The expected answer is a verbatim transcription of the lines below, beginning with the first and ending with the line that holds "- Шильдбах К.", without pictures.

__Provided material__.
===

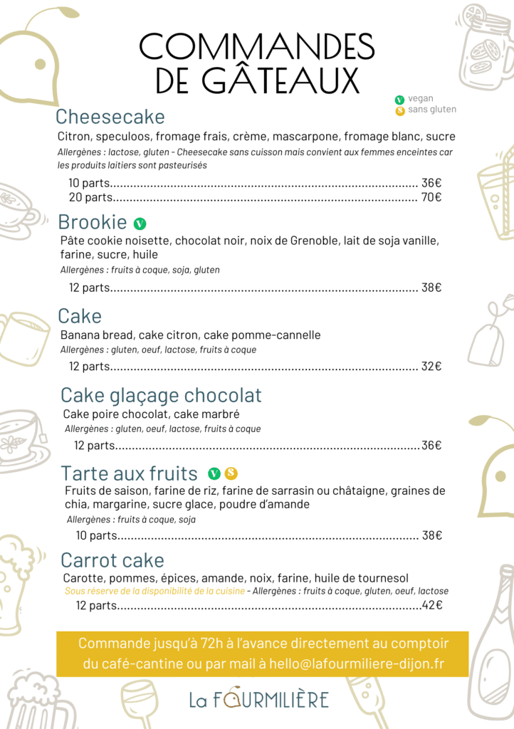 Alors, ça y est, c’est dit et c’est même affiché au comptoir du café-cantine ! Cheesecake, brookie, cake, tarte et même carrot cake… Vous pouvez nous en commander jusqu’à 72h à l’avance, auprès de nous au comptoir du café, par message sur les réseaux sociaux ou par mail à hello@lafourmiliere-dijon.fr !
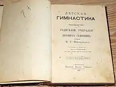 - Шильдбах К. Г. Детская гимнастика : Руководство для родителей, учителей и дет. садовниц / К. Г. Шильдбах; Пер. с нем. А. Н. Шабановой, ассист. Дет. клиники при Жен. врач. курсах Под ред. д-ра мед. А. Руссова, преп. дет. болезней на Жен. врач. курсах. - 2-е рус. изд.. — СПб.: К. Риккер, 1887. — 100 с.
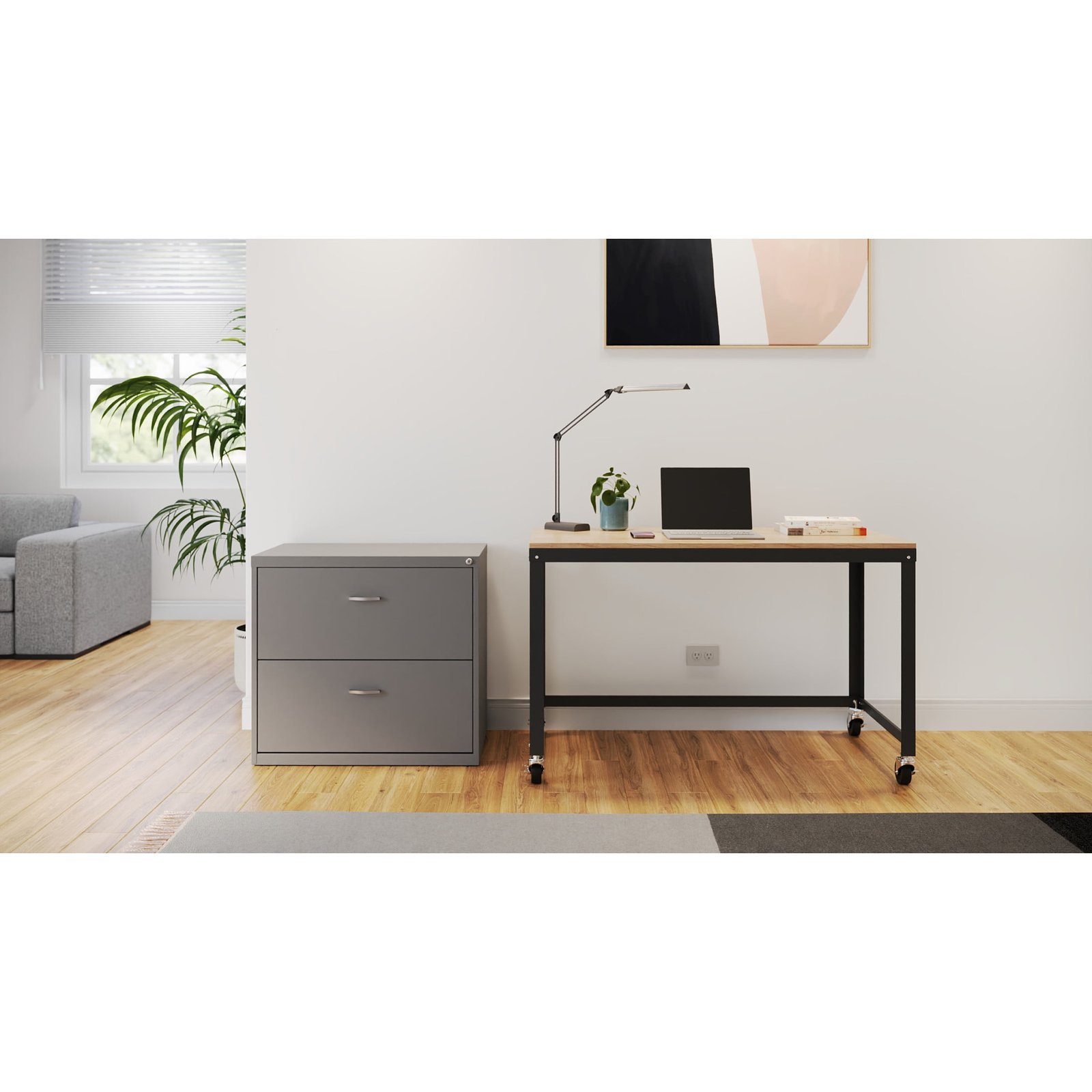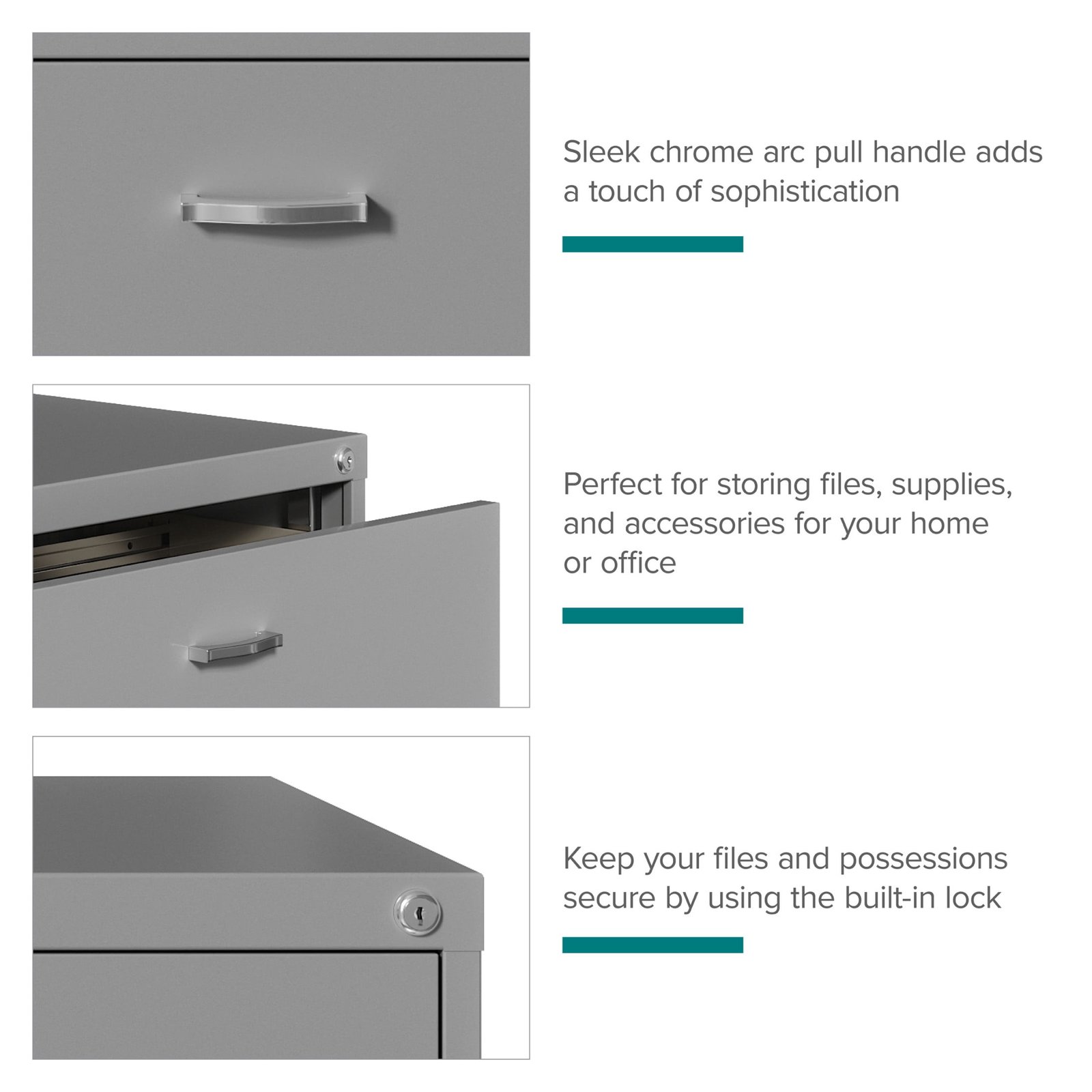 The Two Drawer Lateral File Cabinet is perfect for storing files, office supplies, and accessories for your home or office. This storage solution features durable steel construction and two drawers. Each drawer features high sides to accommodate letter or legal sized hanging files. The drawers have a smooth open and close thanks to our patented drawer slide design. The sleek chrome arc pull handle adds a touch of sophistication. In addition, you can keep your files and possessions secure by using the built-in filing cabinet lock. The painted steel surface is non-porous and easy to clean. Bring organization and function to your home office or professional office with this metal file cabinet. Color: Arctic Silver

===

__Solution below__.
 Alors, ça y est, c’est dit et c’est même affiché au comptoir du café-cantine ! Cheesecake, brookie, cake, tarte et même carrot cake… Vous pouvez nous en commander jusqu’à 72h à l’avance, auprès de nous au comptoir du café, par message sur les réseaux sociaux ou par mail à hello@lafourmiliere-dijon.fr !
 - Шильдбах К. Г. Детская гимнастика : Руководство для родителей, учителей и дет. садовниц / К. Г. Шильдбах; Пер. с нем. А. Н. Шабановой, ассист. Дет. клиники при Жен. врач. курсах Под ред. д-ра мед. А. Руссова, преп. дет. болезней на Жен. врач. курсах. - 2-е рус. изд.. — СПб.: К. Риккер, 1887. — 100 с.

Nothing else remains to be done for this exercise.